WHAT NEEDS TO BE DONE :: With all pictures excluded, restate the records that follow exactly as written.

--------

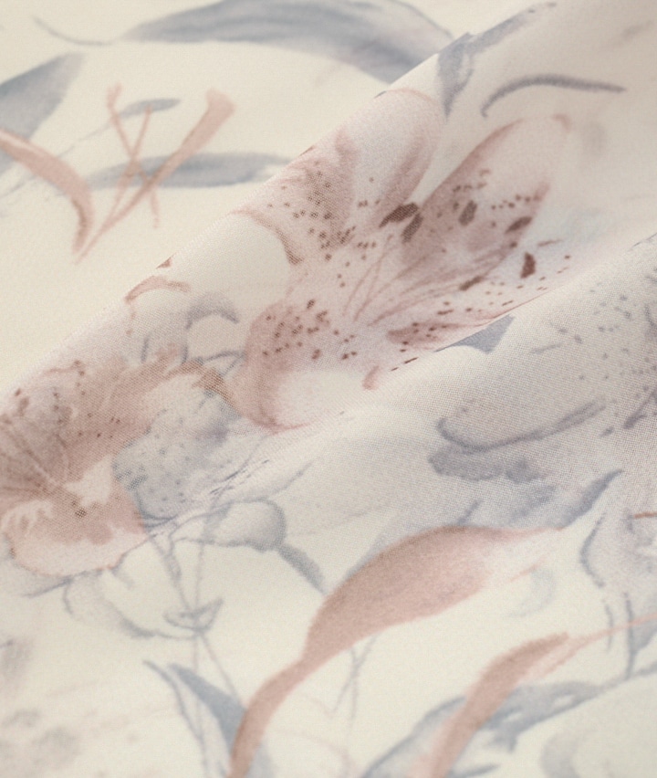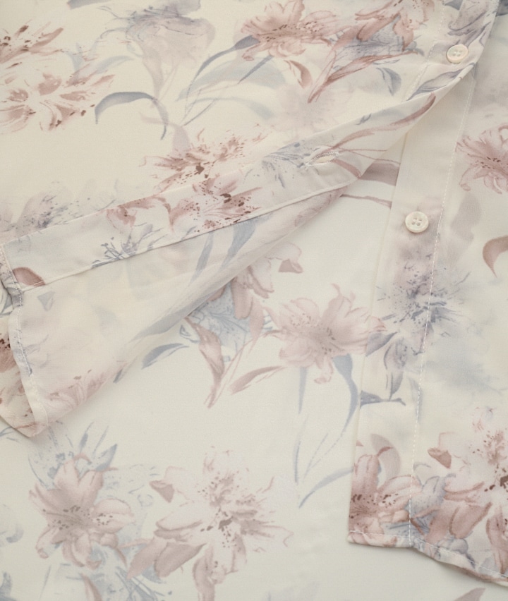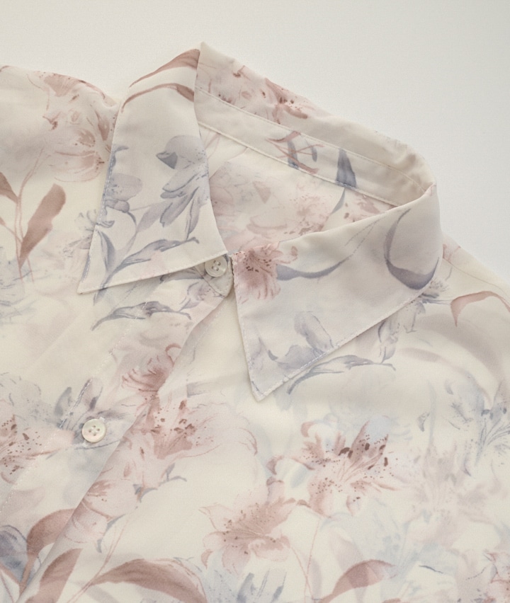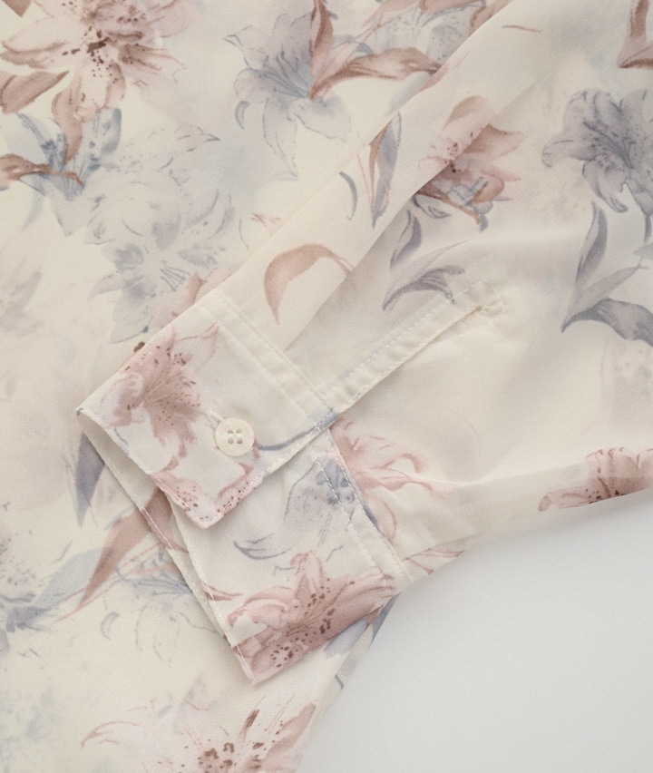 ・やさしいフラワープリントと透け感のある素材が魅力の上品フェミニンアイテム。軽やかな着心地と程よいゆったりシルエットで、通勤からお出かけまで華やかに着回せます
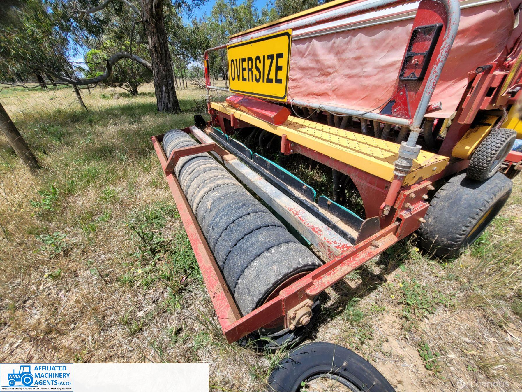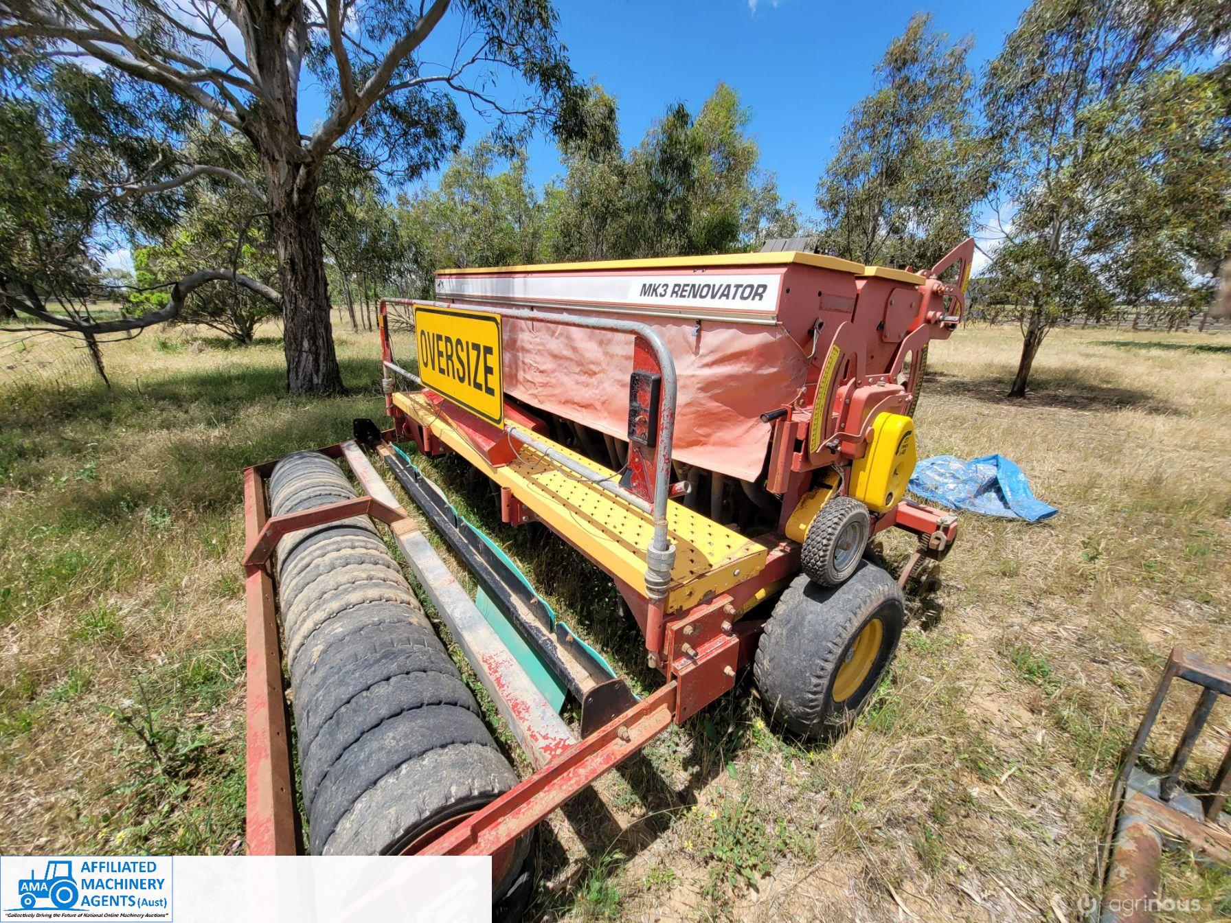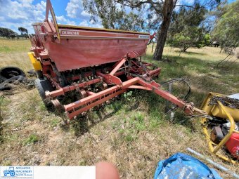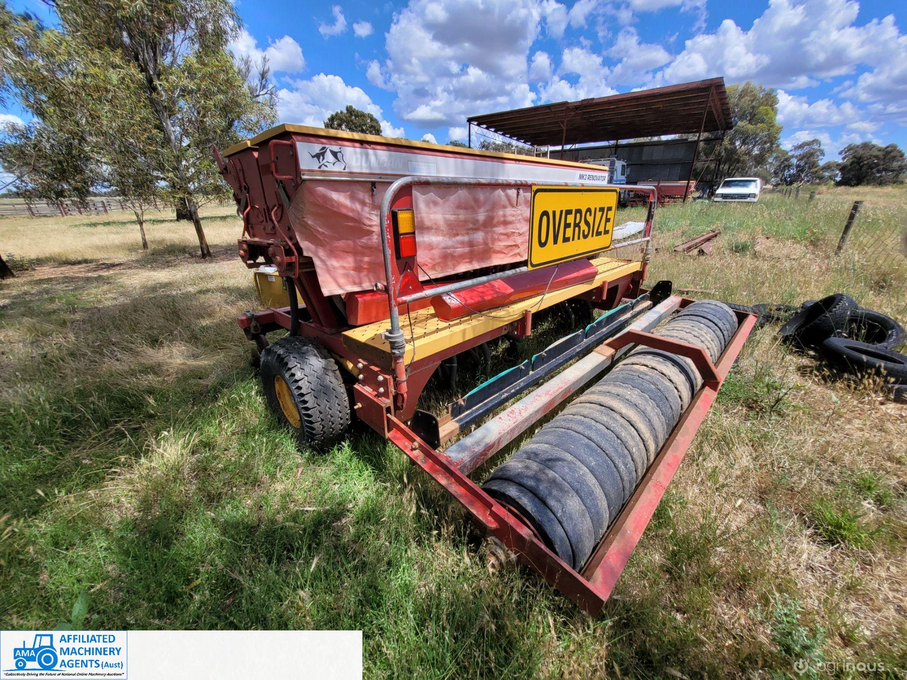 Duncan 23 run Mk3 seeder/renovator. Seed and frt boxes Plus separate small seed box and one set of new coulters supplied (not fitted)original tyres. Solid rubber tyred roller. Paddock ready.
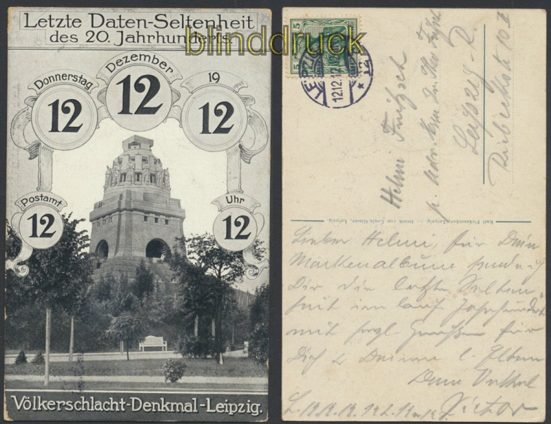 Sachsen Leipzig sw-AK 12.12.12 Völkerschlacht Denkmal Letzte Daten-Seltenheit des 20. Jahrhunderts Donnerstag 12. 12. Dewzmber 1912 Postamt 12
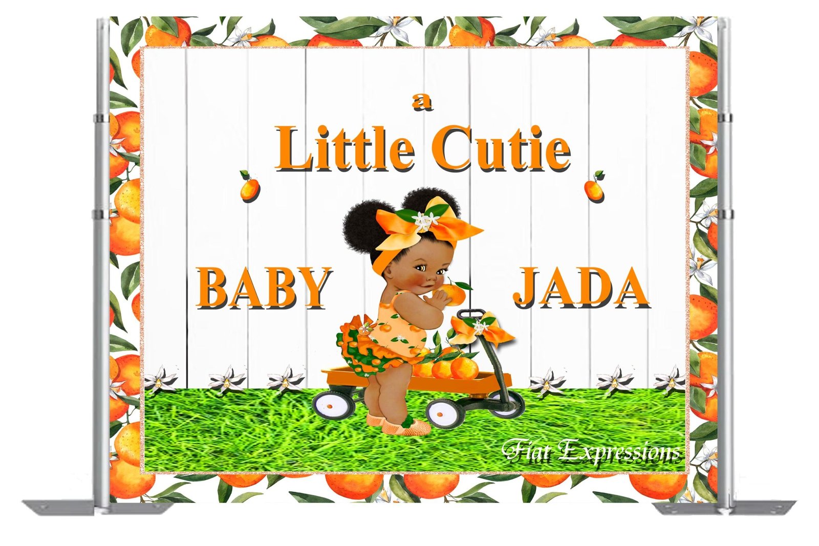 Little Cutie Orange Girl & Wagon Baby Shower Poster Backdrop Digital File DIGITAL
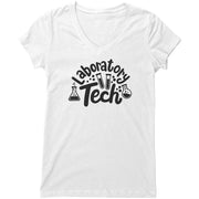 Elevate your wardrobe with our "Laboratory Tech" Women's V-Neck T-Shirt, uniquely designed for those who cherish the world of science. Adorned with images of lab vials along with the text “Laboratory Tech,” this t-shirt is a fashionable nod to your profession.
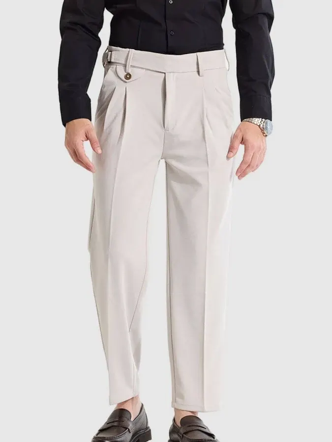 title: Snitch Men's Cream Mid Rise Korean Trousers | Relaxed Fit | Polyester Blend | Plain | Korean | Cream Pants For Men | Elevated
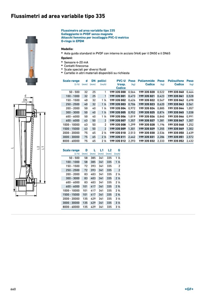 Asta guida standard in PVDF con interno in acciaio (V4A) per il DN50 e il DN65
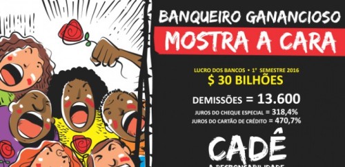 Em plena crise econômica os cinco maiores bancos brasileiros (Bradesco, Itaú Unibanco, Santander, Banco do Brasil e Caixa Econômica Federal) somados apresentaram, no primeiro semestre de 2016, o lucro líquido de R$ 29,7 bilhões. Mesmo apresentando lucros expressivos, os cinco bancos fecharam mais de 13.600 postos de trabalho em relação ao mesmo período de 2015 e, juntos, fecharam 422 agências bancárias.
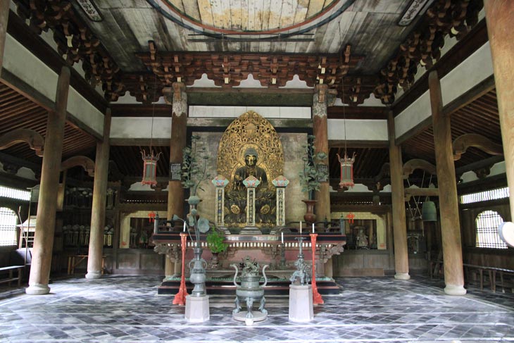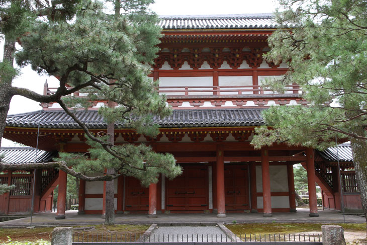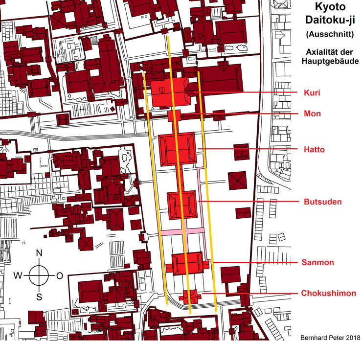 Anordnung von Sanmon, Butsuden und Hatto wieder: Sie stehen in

--------

EXPECTED ANSWER ::
 ・やさしいフラワープリントと透け感のある素材が魅力の上品フェミニンアイテム。軽やかな着心地と程よいゆったりシルエットで、通勤からお出かけまで華やかに着回せます
 Duncan 23 run Mk3 seeder/renovator. Seed and frt boxes Plus separate small seed box and one set of new coulters supplied (not fitted)original tyres. Solid rubber tyred roller. Paddock ready.
 Sachsen Leipzig sw-AK 12.12.12 Völkerschlacht Denkmal Letzte Daten-Seltenheit des 20. Jahrhunderts Donnerstag 12. 12. Dewzmber 1912 Postamt 12
 Little Cutie Orange Girl & Wagon Baby Shower Poster Backdrop Digital File DIGITAL
 Elevate your wardrobe with our "Laboratory Tech" Women's V-Neck T-Shirt, uniquely designed for those who cherish the world of science. Adorned with images of lab vials along with the text “Laboratory Tech,” this t-shirt is a fashionable nod to your profession.
 title: Snitch Men's Cream Mid Rise Korean Trousers | Relaxed Fit | Polyester Blend | Plain | Korean | Cream Pants For Men | Elevated
 Asta guida standard in PVDF con interno in acciaio (V4A) per il DN50 e il DN65
 Em plena crise econômica os cinco maiores bancos brasileiros (Bradesco, Itaú Unibanco, Santander, Banco do Brasil e Caixa Econômica Federal) somados apresentaram, no primeiro semestre de 2016, o lucro líquido de R$ 29,7 bilhões. Mesmo apresentando lucros expressivos, os cinco bancos fecharam mais de 13.600 postos de trabalho em relação ao mesmo período de 2015 e, juntos, fecharam 422 agências bancárias.
 Anordnung von Sanmon, Butsuden und Hatto wieder: Sie stehen in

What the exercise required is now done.